Court Rules That INS Must Take Naturalization Fraud Cases To Court

July 20, 2000

San Francisco, CA – The 9th US Circuit Court of Appeals ruled Thursday that immigration officials can't act on their own to revoke citizenship and must take such cases to court.

The unanimous decision by the federal appeals court reverses a split opinion by one of its own three-judge panels.  It upholds the decision of a Seattle judge who said the power to denaturalize citizens is not inherent in the power to naturalize them.

The opinion indefinitely extends a 1998 nationwide injunction that suspended the Immigration and Naturalization Service's attempts to revoke the citizenships of more than 6,000 immigrants who, according to the agency, had failed to disclose past crimes or arrests when they applied for naturalization.

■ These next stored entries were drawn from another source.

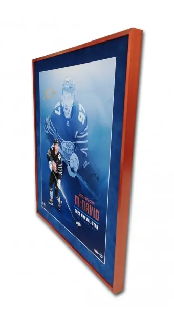 At the age of 24, Connor McDavid has hit the hockey scene with full momentum being named to the NHL All-Star This design from that 2020 season is the framed version that features a sapphire blue mat and tangerine metal frame.
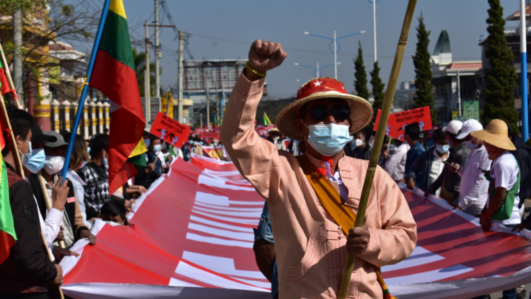 Banner image: Anti-coup protester wears mask to protect against transmission of COVID-19, Taunggyi, Myanmar - February 20, 2021. Credit: R. Bociaga, Shutterstock.
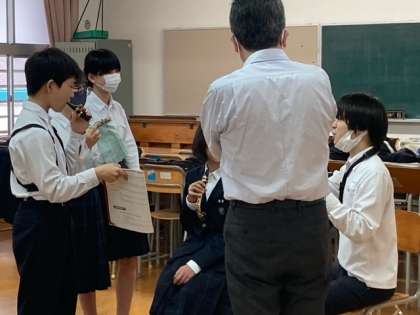 吹奏楽部は本日1年生が1名の参加ということもあり、先生や先輩に手厚くご指導をしてもらっていました。2年生は「部員を集めよう!」と外に向かって一生懸命に演奏練習を奏でていました。
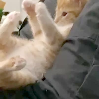 A kitten cat lies on a man's lap on a bed in a bedroom and the man raises his arms and says stick em up and the kitten cat raises its front legs above its head.
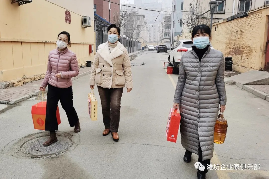 2021年1月22日下午,潍坊东方企业家俱乐部组织部分企业家会员走访了大虞街道与东关街道的部分困难家庭,为他们送去生活、防疫物资与新春的祝福。
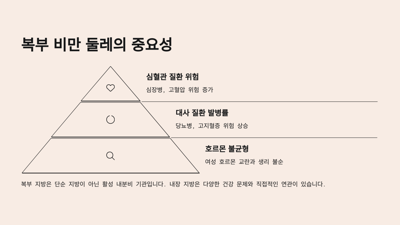 여자 복부 비만 둘레는 단순히 ‘뱃살’ 문제로만 치부하기에는 상당히 중요한 건강 지표입니다. 허리둘레 85cm 이상부터는 고혈압, 당뇨, 고지혈증 등 대사증후군 위험이 높아지고, 이는 심혈관 질환으로 이어질 수 있습니다.

In 1990 Congress shifted the power to naturalize citizens from the courts to the Immigration and Naturalization Service.  However, the court ruling held that these laws did not grant the INS authority to denaturalize citizens, but rather, only the power to cancel certificates of citizenship.  Loss of certification does not deprive immigrants of legal residency status but makes them vulnerable to deportation for certain crimes.

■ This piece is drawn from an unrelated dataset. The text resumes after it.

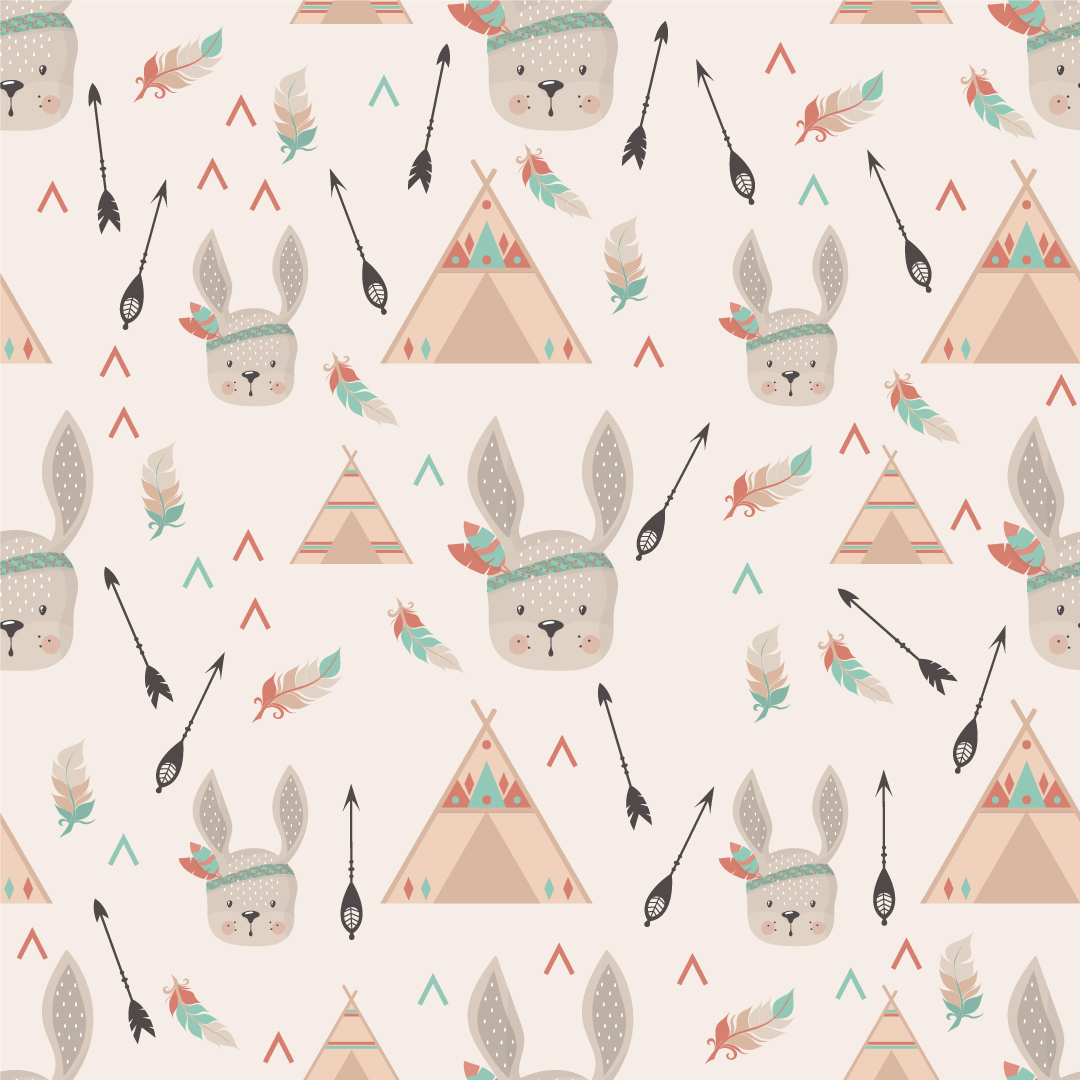 Dečiji patern sa šatorima, strelicama i zekom unosi avanturistički duh u prostor.

``There is no general principle that what one can do, one can undo.  It sounds good, just as the Beatles' lyrics - `Nothing you can know that isn't known/Nothing you can see that isn't shown - sound good,'' Judge Kleinfeld wrote for the court, citing the words from ``All You Need is Love.''  He then quoted Gershwin's ``Porgy and Bess'': ``But as Sportin' Life said, `It ain't necessarily so.'''

The Immigration Service issued a statement indicating that it is reviewing the court’s order to determine what further action it will take.